=== Section Start ===

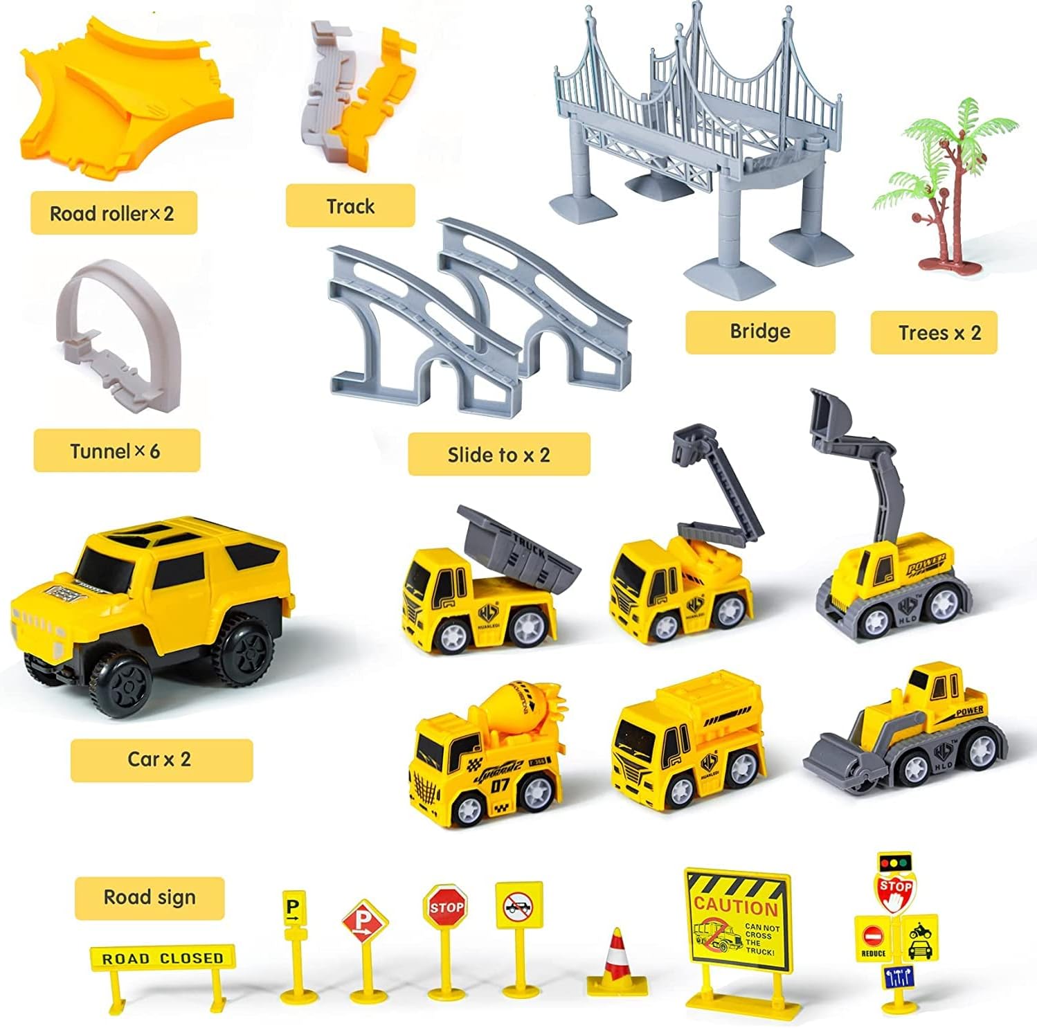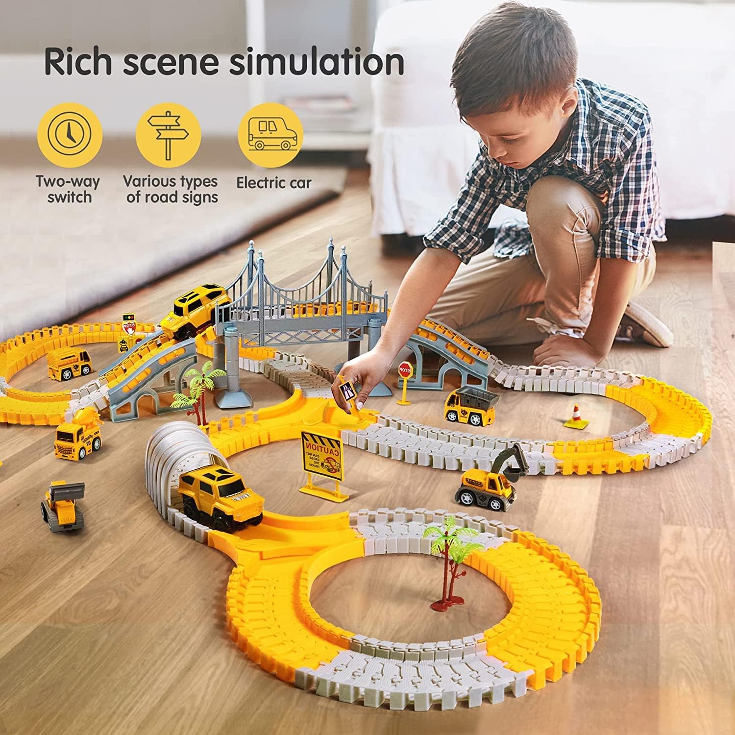 【Pacchetto incluso】2 auto elettriche (senza batteria), 6 veicoli inerziali (rulli compressori, bulldozer, escavatori, autocarri con cassone ribaltabile, piattaforme di lavoro, veicoli per l'irrigazione), pezzo ferroviario, viadotto, ponti ad arco, tunnel, binario a Y, albero, segnali stradali da rimuovere. I veicoli elettrici possono guidare da soli o manualmente con altri veicoli inerziali in pista. Il binario è flessibile in modo che il bambino possa girarlo, ruotarlo e regolarlo. Configurazione avanzata per costruire il tuo regno di costruzioni per i tuoi piccoli! 【Giocattolo educativo dai 3 anni in su】 Costruendo e progettando un garage per dinosauri, i bambini possono migliorare le abilità manuali, la coordinazione occhio-mano, il pensiero spaziale (riconoscendo posizione e direzione), la risoluzione dei problemi e l'intelligenza creativa e strategica. Perfetto per giochi di famiglia, attività di gruppo, lavoro di squadra in classe e altro ancora. Configurazione avanzata Costruisci il tuo regno di costruzioni per i tuoi piccoli! 【Più accessori, più modi di giocare】 L'auto da corsa può attraversare il ponte e le parti del binario possono essere piegate e fissate per formare una varietà di forme diverse di binario. Ogni camion è dotato di bracci di lavoro mobili. I bambini possono far finta di fare tutti i tipi di lavori di costruzione con questi camion e trascorrere ore usando la creatività e l'immaginazione per costruire il proprio mondo in orbita. 【Sicurezza e dettagli al primo posto】 Realizzato con materiali atossici, la sicurezza viene sempre al primo posto. Ogni pista da costruzione è progettata appositamente per adattarsi perfettamente alla mano del bambino, facile da trasportare, gioca nella borsa ovunque, regalo perfetto per i più piccoli a Natale, Pasqua, compleanno e altre festività. Regalo perfetto, servizio clienti: la squisita scatola colorata progettata rende questo oggetto da corsa da costruzione molto adatto come regalo per ragazzi e ragazze di 3 4 5+ anni. Feste di compleanno, Pasqua, Natale, Ringraziamento o Festa dei bambini, ecc. Se non sei soddisfatto del nostro prodotto, contattaci. La soddisfazione del cliente è la nostra massima priorità. Usiamo la stessa scatola in questa serie di auto. In caso di problemi con questo set di piste da corsa, contattaci. Speriamo di offrirti la migliore esperienza di acquisto.
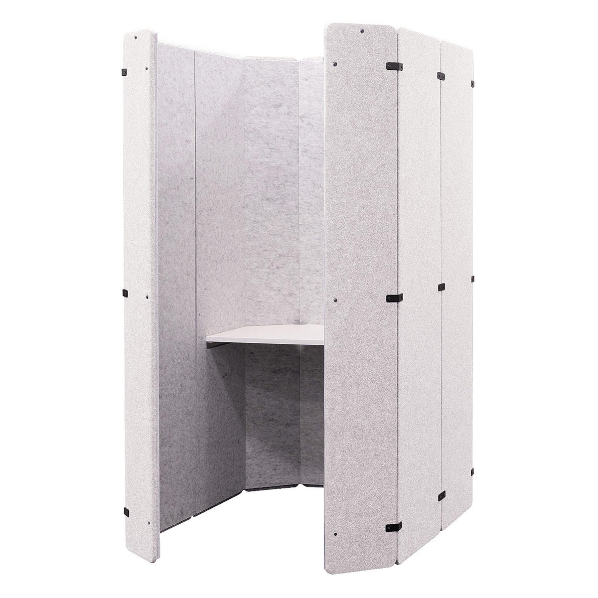 組み立て時に入り口の位置をフロントとサイドで変更できるので、空間に合わせてブースを設置できます。
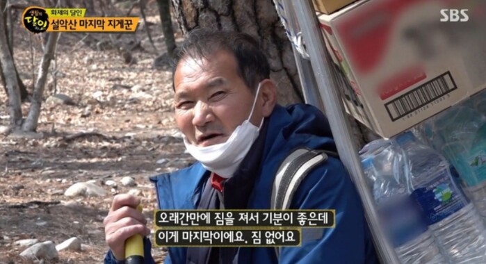 그러면서 임기종 씨는 마지막 짐 배달을 하기에 앞서 "오랜만에 짐을 져서 기분이 좋은데 이제 마지막이다"고 말했다. 또 설악산이 어떤 의미냐라는 질문에 임기종 씨는 "내 부모같이 품어주고 안아주고 푸근하다"고 말했다.

=== Section End ===

▸ **Directions for this task**
Would you return all of the data above word for word, omitting every picture?

▸ **Response box**
 【Pacchetto incluso】2 auto elettriche (senza batteria), 6 veicoli inerziali (rulli compressori, bulldozer, escavatori, autocarri con cassone ribaltabile, piattaforme di lavoro, veicoli per l'irrigazione), pezzo ferroviario, viadotto, ponti ad arco, tunnel, binario a Y, albero, segnali stradali da rimuovere. I veicoli elettrici possono guidare da soli o manualmente con altri veicoli inerziali in pista. Il binario è flessibile in modo che il bambino possa girarlo, ruotarlo e regolarlo. Configurazione avanzata per costruire il tuo regno di costruzioni per i tuoi piccoli! 【Giocattolo educativo dai 3 anni in su】 Costruendo e progettando un garage per dinosauri, i bambini possono migliorare le abilità manuali, la coordinazione occhio-mano, il pensiero spaziale (riconoscendo posizione e direzione), la risoluzione dei problemi e l'intelligenza creativa e strategica. Perfetto per giochi di famiglia, attività di gruppo, lavoro di squadra in classe e altro ancora. Configurazione avanzata Costruisci il tuo regno di costruzioni per i tuoi piccoli! 【Più accessori, più modi di giocare】 L'auto da corsa può attraversare il ponte e le parti del binario possono essere piegate e fissate per formare una varietà di forme diverse di binario. Ogni camion è dotato di bracci di lavoro mobili. I bambini possono far finta di fare tutti i tipi di lavori di costruzione con questi camion e trascorrere ore usando la creatività e l'immaginazione per costruire il proprio mondo in orbita. 【Sicurezza e dettagli al primo posto】 Realizzato con materiali atossici, la sicurezza viene sempre al primo posto. Ogni pista da costruzione è progettata appositamente per adattarsi perfettamente alla mano del bambino, facile da trasportare, gioca nella borsa ovunque, regalo perfetto per i più piccoli a Natale, Pasqua, compleanno e altre festività. Regalo perfetto, servizio clienti: la squisita scatola colorata progettata rende questo oggetto da corsa da costruzione molto adatto come regalo per ragazzi e ragazze di 3 4 5+ anni. Feste di compleanno, Pasqua, Natale, Ringraziamento o Festa dei bambini, ecc. Se non sei soddisfatto del nostro prodotto, contattaci. La soddisfazione del cliente è la nostra massima priorità. Usiamo la stessa scatola in questa serie di auto. In caso di problemi con questo set di piste da corsa, contattaci. Speriamo di offrirti la migliore esperienza di acquisto.
 組み立て時に入り口の位置をフロントとサイドで変更できるので、空間に合わせてブースを設置できます。
 그러면서 임기종 씨는 마지막 짐 배달을 하기에 앞서 "오랜만에 짐을 져서 기분이 좋은데 이제 마지막이다"고 말했다. 또 설악산이 어떤 의미냐라는 질문에 임기종 씨는 "내 부모같이 품어주고 안아주고 푸근하다"고 말했다.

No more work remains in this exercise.